Is there a way to plot so effectivly I can have one long bar chart so I can see trends without combining data sources?
I'd like to keep seperate as generating them will be done via links into my main manufacturing system so trying to keep it simple!
Cheers
Plot one of your series on a secondary axis?
so you want three columns per week?
Ah, seconday axis that could do it.
No, looking for one column per week, but 3 different series. Something like this
1/1/2011 - 30/6/2011 Series One
1/7/2011 Series Two
7/7/2021 - 31/12/2011 Series Three
Am now playing with scondays axis.
If it were a one off you needed it for i'd use the graph tool Illustrator to draw three column charts and then stick them together.

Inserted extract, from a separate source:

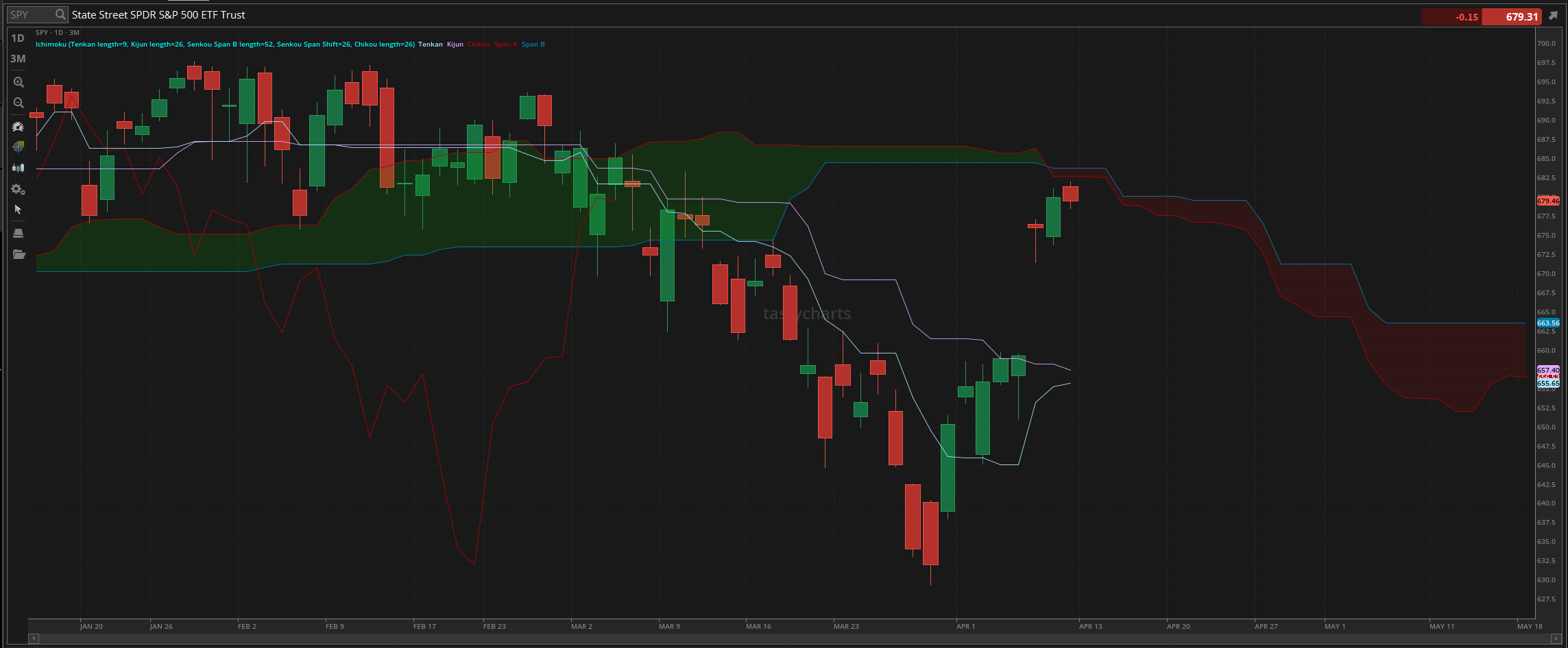 Wednesday was an absolutely beautiful day for the markets as overall we essentially retained that position and remained relatively strong through the day, which was followed up by more strength on Thursday, before we watched as $SPY had mild bearish momentum on Friday, rejecting the daily cloud resistance and the $680 resistance point.
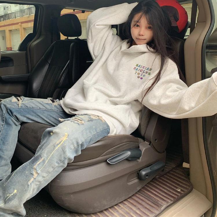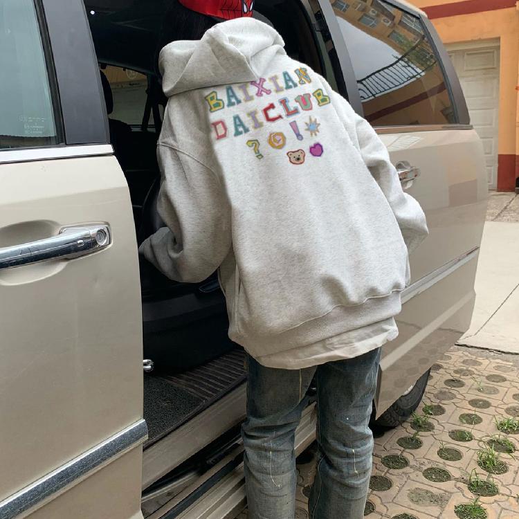 纯棉美式oversize灰色连帽卫衣女2024新款爆款慵懒chic设计感外套

Given the help i've been given for excel i'd draw it for you if you wanted.
Alternative would be to plot the three series (assuming you've got relatively similar values) as a clustered column graph.
Since you're essentially comparing three six month periods (irrespective of whether that's past, present or future), that would probably be my choice. You could then experiment with (thinking Excel '07) changing one series to a line graph (select one series, right click, select "change series chart type"). I'd probably do that for your forecast line.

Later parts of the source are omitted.